§ **What the exercise asks**: The lines from the top of the material below through the line containing "17. MVMC3.0将虚拟" are to be printed exactly, with pictures omitted.

§ **Collected data**:

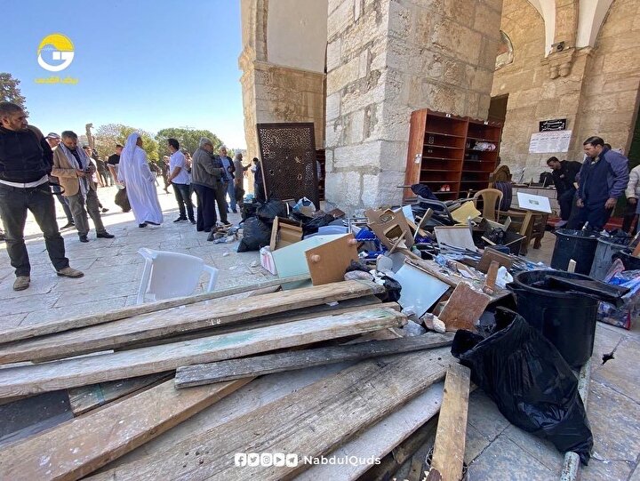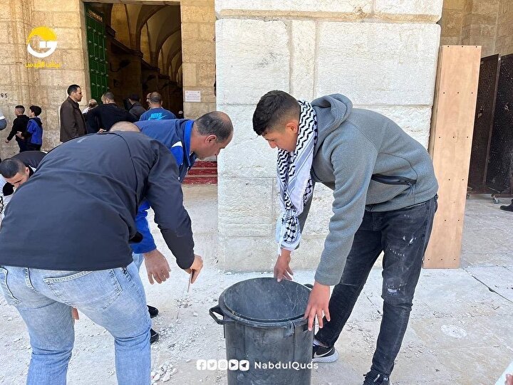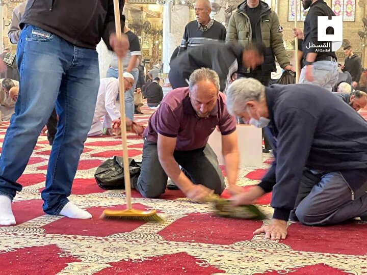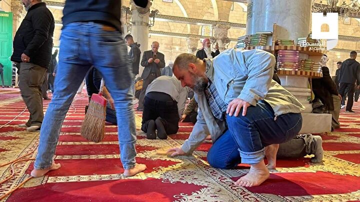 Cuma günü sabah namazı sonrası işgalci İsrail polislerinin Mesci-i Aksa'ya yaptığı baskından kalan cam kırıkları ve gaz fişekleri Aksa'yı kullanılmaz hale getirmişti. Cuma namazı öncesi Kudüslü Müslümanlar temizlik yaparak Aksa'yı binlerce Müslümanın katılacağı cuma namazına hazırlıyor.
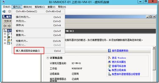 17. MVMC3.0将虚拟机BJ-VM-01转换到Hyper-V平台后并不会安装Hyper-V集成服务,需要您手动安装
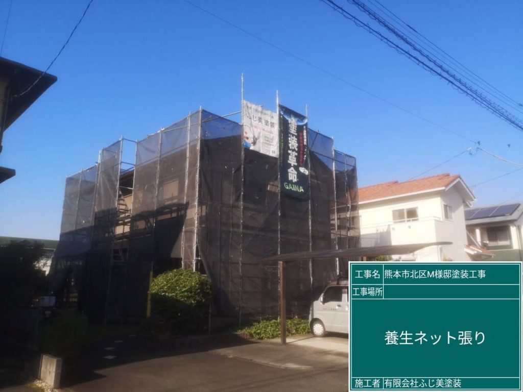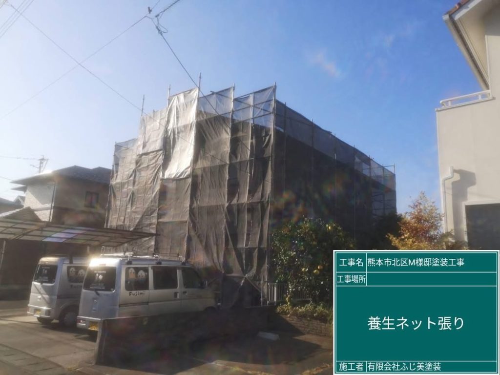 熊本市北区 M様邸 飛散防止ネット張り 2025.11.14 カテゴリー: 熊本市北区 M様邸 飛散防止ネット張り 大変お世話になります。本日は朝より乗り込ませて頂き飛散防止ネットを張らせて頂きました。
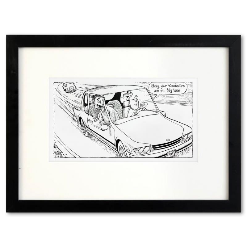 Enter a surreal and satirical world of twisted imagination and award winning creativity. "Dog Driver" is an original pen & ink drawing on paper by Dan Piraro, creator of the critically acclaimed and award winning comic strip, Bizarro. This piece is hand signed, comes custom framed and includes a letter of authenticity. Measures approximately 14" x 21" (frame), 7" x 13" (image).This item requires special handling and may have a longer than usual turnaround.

§ **Solution**:
 Cuma günü sabah namazı sonrası işgalci İsrail polislerinin Mesci-i Aksa'ya yaptığı baskından kalan cam kırıkları ve gaz fişekleri Aksa'yı kullanılmaz hale getirmişti. Cuma namazı öncesi Kudüslü Müslümanlar temizlik yaparak Aksa'yı binlerce Müslümanın katılacağı cuma namazına hazırlıyor.
 17. MVMC3.0将虚拟机BJ-VM-01转换到Hyper-V平台后并不会安装Hyper-V集成服务,需要您手动安装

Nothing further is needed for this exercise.